Я позвонил коридорному. Он не пришел, и я позвонил снова, а потом вышел, чтобы разыскать его. Скотт лежал, закрыв глаза, и дышал медленно и размеренно, — восковая кожа и правильные черты лица делали его похожим на маленького мертвого крестоносца. Мне начинала надоедать эта литературная жизнь — если это была литературная жизнь, — и мне не хватало ощущения проделанной работы, и на меня уже напала смертная тоска, которая наваливается в конце каждого напрасно прожитого дня. Мне очень надоел Скотт и вся эта глупая комедия, но я разыскал коридорного, и дал ему денег на термометр и аспирин, и заказал два citron pressйs[38] и два двойных виски. Я хотел заказать бутылку виски, но виски продавали только в розлив. Когда я вернулся в номер. Скотт все еще лежал, как изваяние на собственном надгробии, — глаза его были закрыты, и он дышал с невозмутимым достоинством.
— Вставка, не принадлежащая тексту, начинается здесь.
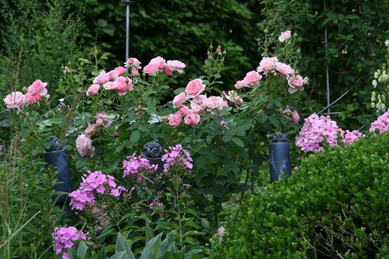 Die Rosarium Uetersen habe ich als Strauchrose gezogen, hatte sie auch schon mal als Kletterrose. Die ist auch sehr dankbar. Links der Rittersporn lebt leider nicht mehr. Rechts im Vordergrund ist wieder das "Hemadknöpfe".

Услышав, что я вошел в номер, он спросил:
— Вы достали термометр?
Я подошел и положил руку ему на лоб. Ото лба не веяло могильным холодом. Но он был прохладным и сухим.
— Нет, — сказал я.
— Я думал, что вы его принесете.
— Я послал за ним.
— Это не одно и то же.
— Да. Совсем, не так ли?
На Скотта нельзя было сердиться, как нельзя сердиться на сумасшедшего, и я начинал сердиться на себя за то, что ввязался в эту глупую историю. Впрочем, я понимал, почему он ведет себя так. В те дни большинство пьяниц умирало от пневмонии-болезни, которая сейчас почти безопасна. Но считать Скотта пьяницей было трудно, поскольку на него действовали даже ничтожные дозы алкоголя.
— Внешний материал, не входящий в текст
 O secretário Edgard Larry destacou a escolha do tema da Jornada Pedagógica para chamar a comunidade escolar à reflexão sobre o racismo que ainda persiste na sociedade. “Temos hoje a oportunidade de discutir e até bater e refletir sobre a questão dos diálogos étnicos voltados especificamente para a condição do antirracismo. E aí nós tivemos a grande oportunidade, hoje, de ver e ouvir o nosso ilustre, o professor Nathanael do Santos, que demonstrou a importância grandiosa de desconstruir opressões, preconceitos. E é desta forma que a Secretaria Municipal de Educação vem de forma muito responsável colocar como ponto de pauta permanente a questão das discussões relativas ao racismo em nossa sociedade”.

В Европе в те дни мы считали вино столь же полезным и естественным, как еду, а кроме того, оно давало ощущение счастья, благополучия и радости. Вино пили не из снобизма и не ради позы, и это не было культом: пить было так же естественно, как есть, а мне-так же необходимо, и я не стал бы обедать без вина, сидра или пива. Мне нравились все вина, кроме сладких, сладковатых или слишком терпких, и мне даже в голову не пришло, что те несколько бутылок очень легкого, сухого белого ма кона, которые мы распили, могли вызвать в Скотте химические изменения, превратившие его в дурака. Правда, утром мы пили виски с минеральной водой, но я тогда еще ничего не знал об алкоголиках и не мог себе представить, что рюмка виски может так сильно подействовать на человека, едущего в открытой машине под дождем. Алкоголь должен был бы очень скоро выветриться.
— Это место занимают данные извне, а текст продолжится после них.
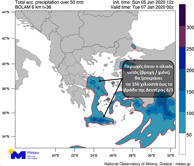 Παράλληλα, οι ισχυρές βροχές στην Κρήτη και οι χιονοπτώσεις στα ορεινά αυτής καθώς και οι βροχοπτώσεις στη Εύβοια και οι χιονοπτώσεις που αναμένονται τις επόμενες ώρες θα συνεχιστούν και τη Δευτέρα 6/1. Ιδιαίτερα για την Κρήτη υπάρχει ενδεχόμενο να δημιουργηθούν κατά τόπους προβλήματα λόγω του κορεσμού του εδάφους σε νερό και των μεγάλων ποσοτήτων υετού που αναμένονται. Στο σχετικό χάρτη παρουσιάζονται οι περιοχές στις οποίες αναμένονται τα μεγαλύτερα πόσα ολικού υετού (βροχή / χιόνι) έως το βράδυ της Δευτέρας 6/1.

Ожидая коридорного, я сидел и читал газету, допивая бутылку макона, которую мы откупорили на последней остановке. Во Франции всегда найдется в газете какое-нибудь потрясающее преступление, за распутыванием которого молено следить изо дня в день. Эти отчеты читаются, как романы, но, чтобы получить удовольствие, необходимо знать содержание предыдущих глав, пъ-скольку французские газеты, в отличие от американских, не печатают краткого изложения предшествующих событий; впрочем, и американские романы с продолжением читать не интересно, если не знать, о чем говорилось в самой важной первой главе. Когда путешествуешь по Франции, газеты во многом утрачивают свою прелесть, поскольку прерывается последовательное изложение всяческих crimes, affaires или scandales[39] и пропадает то удовольствие, которое получаешь, когда читаешь о них в кафе. Я предпочел бы сейчас оказаться в кафе, где мог бы читать утренние выпуски парижских газет, и смотреть на прохожих, и пить перед ужином что-нибудь посолиднее макона. Но у меня на руках был Скотт, и я довольствовался тем, что есть. Тут явился коридорный с двумя стаканами лимонного сока со льдом, виски и бутылкой минеральной воды «перье» и сказал мне, что аптека уже закрылась и он не смог купить термометр. Но аспирин он у кого-то одолжил. Я спросил, не может ли он одолжить и термометр. Скотт открыл глаза и бросил на коридорного злобный ирландский взгляд.